The etiology of FDCS is not clear. Approximately 10 to 20% of FDCS cases are associated with Castleman disease. Wang et al. reported some cases of Castleman disease contained areas of follicular dendritic cell proliferation, so FDCS was hypothesized to arise from such areas [6]. Additionally, Sun et al. stated that a similar feature of Castleman disease and FDCS was the expression of epidermal growth factor receptor (EGFR) [7]. It has also been found that, based on the study completed by Cheuk et al., Epstein-Barr virus was associated with the inflammatory pseudotumor-like variant of FDCS, which can selectively involve spleen and liver, characterized by frequent presence of systemic symptoms and marked female predominance [8]. Also FDCS is associated with complex cytogenetic abnormalities. Cell cycle regulatory gene such as P16 showed alteration [9] and tumor suppressor gene P53 mutation were also found in FDCS [10]. Recently Go et al. [11] found that the BRAF pathway was contributed to the pathogenesis of histiocytic and dendritic cell neoplasms, the BRAFV600E mutation was positive in 18.5% (5 of 27) of FDCS cases.

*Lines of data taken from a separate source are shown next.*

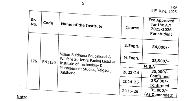 Pankaj Laddhad Institute of Technology and Management Studies Buldhana Hostel Fee is ₹ 12,000.
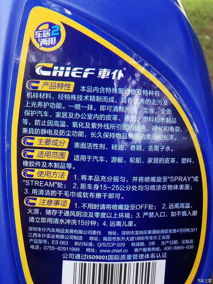 使用质量:这款车仆2合1真皮护理液是车居两用产品,使用的场景比较多,特点是清洁养护,一步到位。本产品成分使用了特殊的聚合物与特种有机硅材料,经特殊技术精制而成,具有优秀的去污及上光养护功能。使用方法简单,一喷一抹既可以清洁污渍及保护汽车、家居和办公室的皮革。喷头可以调节的,使用完成后关闭喷头。存放在通风阴凉处,远离儿童。
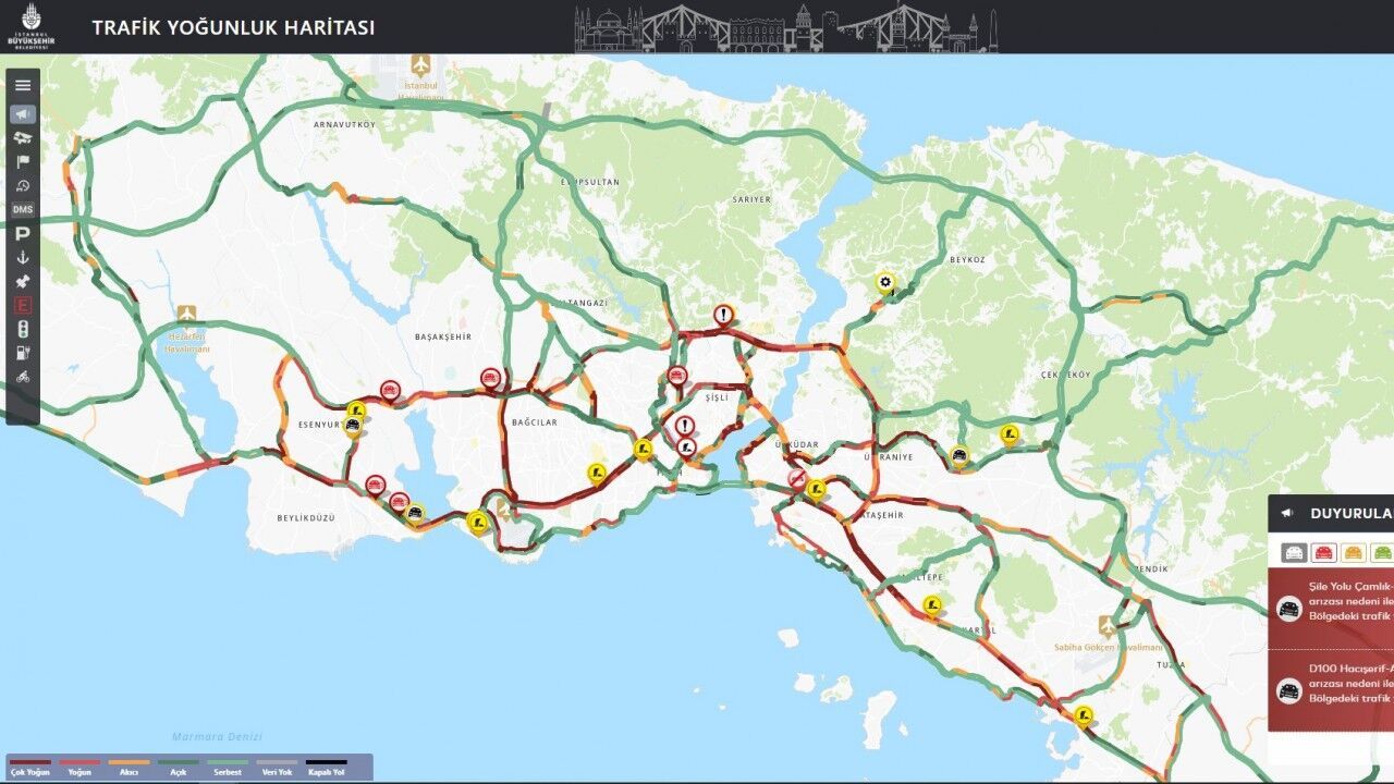 İstanbul'da Cuma akşamı artan iş çıkışı yoğunluğu nedeniyle ana arterlerde trafik yoğunluğu oluştu. İstanbul Büyükşehir Belediyesi Trafik Yoğunluğu Haritası verilerine göre saat 17.45 itibarıyla yoğunluk yüzde 81'e ulaştı. D-100 Karayolu Bahçelievler-Yenibosna mevkinde trafik durma noktasına geldi. Kara yollarında araçların güçlükle ilerlediği görüldü. (DHA)

These cytogenetic abnormalities may share mechanisms of tumor genesis with a subset of other tumor types, such as urothelial carcinoma. P16 and P53 genes were altered more prominently in patients with high-grade tumors than low-grade tumors of urothelial carcinoma, which may play significant roles in the progression of bladder cancer [12]. There were many molecular risk factors, related to poor prognosis of UC, and one of these factors was the expression of EGFR [13]. Also, Boulalas et al. found that the involvement of BRAF mutations in the development of bladder UC was infrequent [14]. In our case, both P16 and P53 protein had shown positive stains in the FDCS and UC. Also, EGFR were over expressed, but no mutation was found about BRAF (V600E). These two tumors may share some same molecular mechanism, but the exact reason needs to be further studied.

In conclusion, follicular dendritic cell sarcoma can occur with urothelial carcinoma at the same time in the bladder, and these two tumors may share a similar molecular mechanism.